発達障害を、本人に「いつ」「どのように」伝えるのかということは、とてもデリケートな課題です。障害を伝えることの意義を確認しながら、本人への伝え方を考えます。
本人に診断を伝えることの意義
本人に診断を伝える目的は、本人が長所や短所をふくめていろいろな特徴をもつ自分自身について、誰よりもよく理解し、自信をもって前向きに生活していってほしいからです。
発達障害の人は、小さいころから集団場面で周囲と同じようにふるまわない、あるいはしたくてもできないために、注意されたり、しかられたりした経験が多いと思われます。そのために、「自分は悪い子だ」、「自分にはよいところなんかないのだ」と自己評価を下げてしまうことがしばしばあります。診断を本人に伝えるのは、悪い知らせを伝えるためではありません。これまでうまくいかなかったことはどうしてだったのか、またこれからどうすればもっと自分らしく、そしてよい結果につながるのかをきちんと理解し、これまでとはちがった視点で自分を見つめなおすきっかけにしてほしいからです。
本人に伝えるタイミング
こうした目的のために、「本人に最適なタイミングで」、「本人がわかることばで」、「本人が納得できる説明の仕方で」、支援者がもつ情報を本人と共有するためにおこないます。
以下のとおり、自身の障害を理解することが力になるような時機は、人生のなかで何度もおとずれます。

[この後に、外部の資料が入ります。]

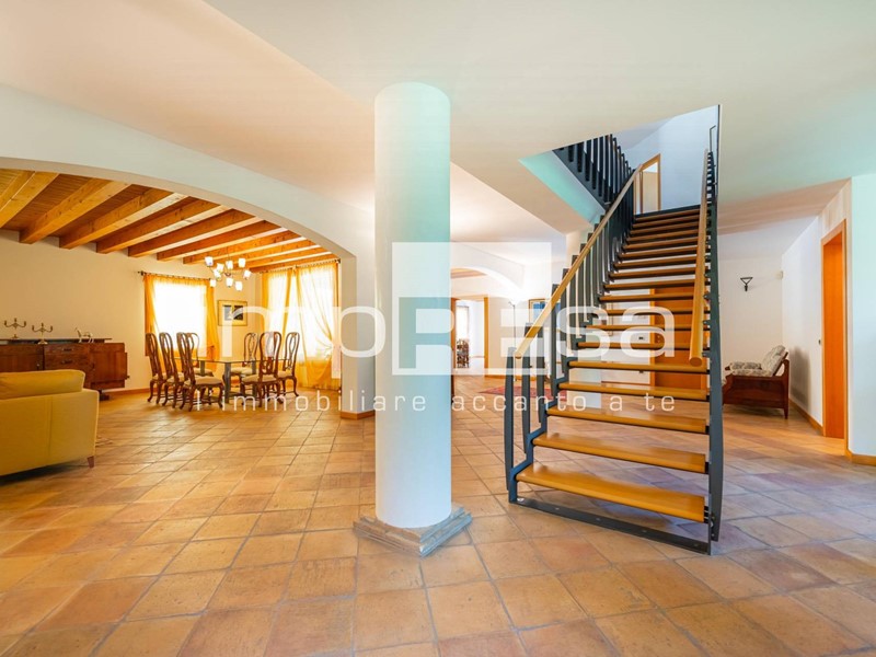 - piano terra: portico, ingresso, salone con scenografica scala di accesso al piano superiore, pranzo, cucina, antibagno e bagno, magazzino e lavanderia;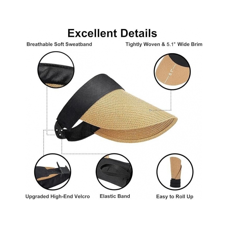 Tämä naisten leveälierinen visiiri on valmistettu ympäristöystävällisestä kierrätyspaperista. Hengittävä ja mukava. Tiukka kudos takaa laadun ja kestävyyden. Vahva UV-suojatoiminto.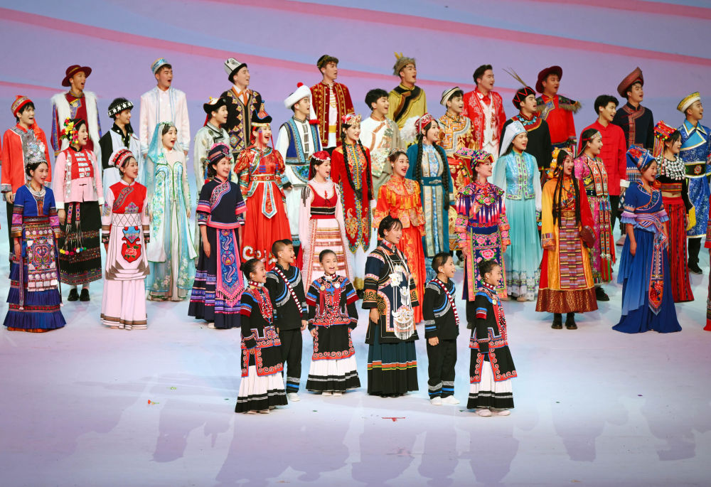 7月28日,吉好有果(中)在成都大運(yùn)會開幕式上歌唱。新華社記者 陳澤國 攝
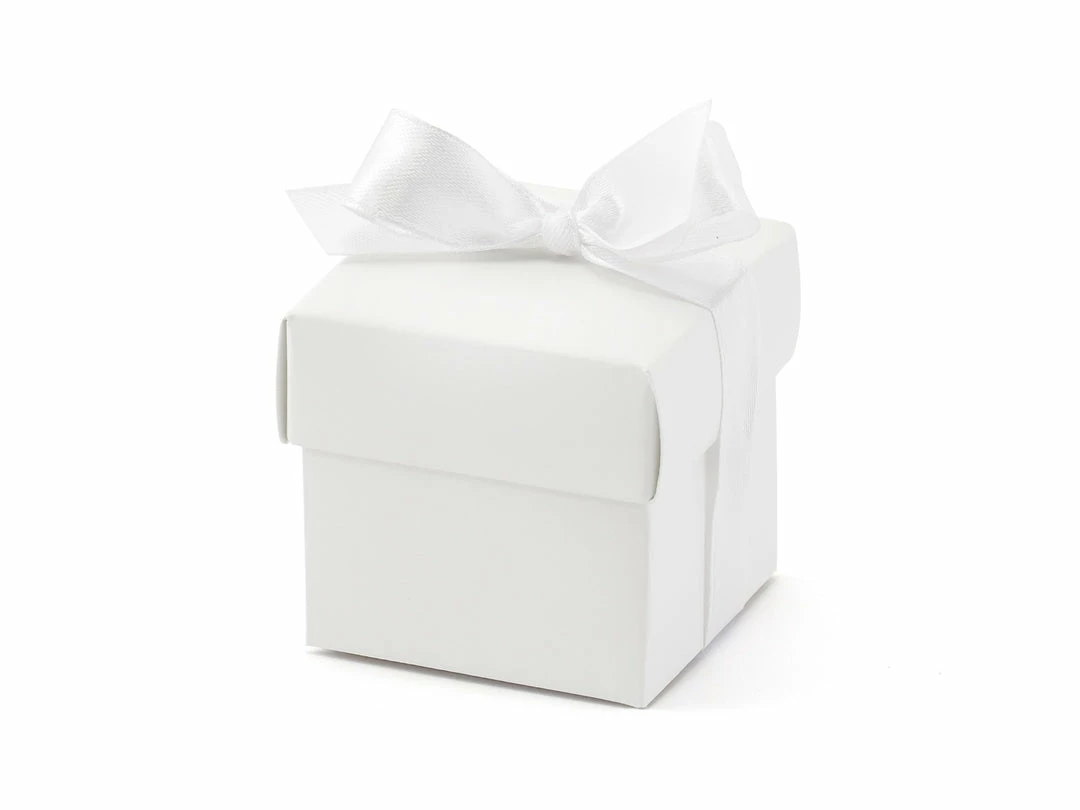 These fantastic cake Boxes made of white paper with a ribbon, ideal for guest gifts. Size after assembling 5.2×5.2×5.2 centimeters. Each pack contains 10 pieces.

- まわりの同年代の子どもとのちがいに気づき始めた学童期
- 学業や友人関係につまずき自尊心が低下した思春期
- 進学や就職など適性に沿った進路選択に悩む青年期
- 職場での対人関係や仕事が思うようにいかない成人期
伝えるときの留意点
誰が、いつ、どのように伝えるかについては、本人にとってのタイミングを大切にしながら、周りにいる親などの支援者の気持ちや状況を十分に把握し、できる限り事前に関係者同士で相談しておくことが必要です。具体的な診断名には、本人や家族の思い込みが深くかかわる場合がありますので、事前に確認しておくことが大切です。相手の背景をよく理解しておけば、伝える側は緊張し過ぎることはありません。本人自身が普段から気づいている気持ちや行動の具体的な特徴を例にとって説明することで、スムーズに受け入れてもらえるでしょう。
伝えて欲しいこと
伝えるときに含めてもらいたいポイントを記します。
- 苦手なこと(短所)は別の方向からみれば強み(長所)でもあること
- これらの特徴は脳に関連した生まれつきの性質であるけれども、成長や経験によって変化していくものであること
普段どおり、否定的なことばは使わずに伝えましょう。また、周りに困っている人がいれば手助けをするのと同じように、自分の苦手なことやわからないこと、困ったことがあったときにはそれを周りに伝えればよいこともつけ加えましょう。
具体的な診断名を伝える時に、同じ診断名の人は多くいてもひとりひとり性格や個性がちがうことや、診断がある人とない人とははっきり区別できるものではなく、診断がない人のなかにも同じような特徴をもつ人が多くいることも伝えるとよいでしょう。口頭で説明するだけでなく、メモしたものを渡したり、絵や図を用いたりすると、理解しやすく記憶にも残りやすいかもしれません。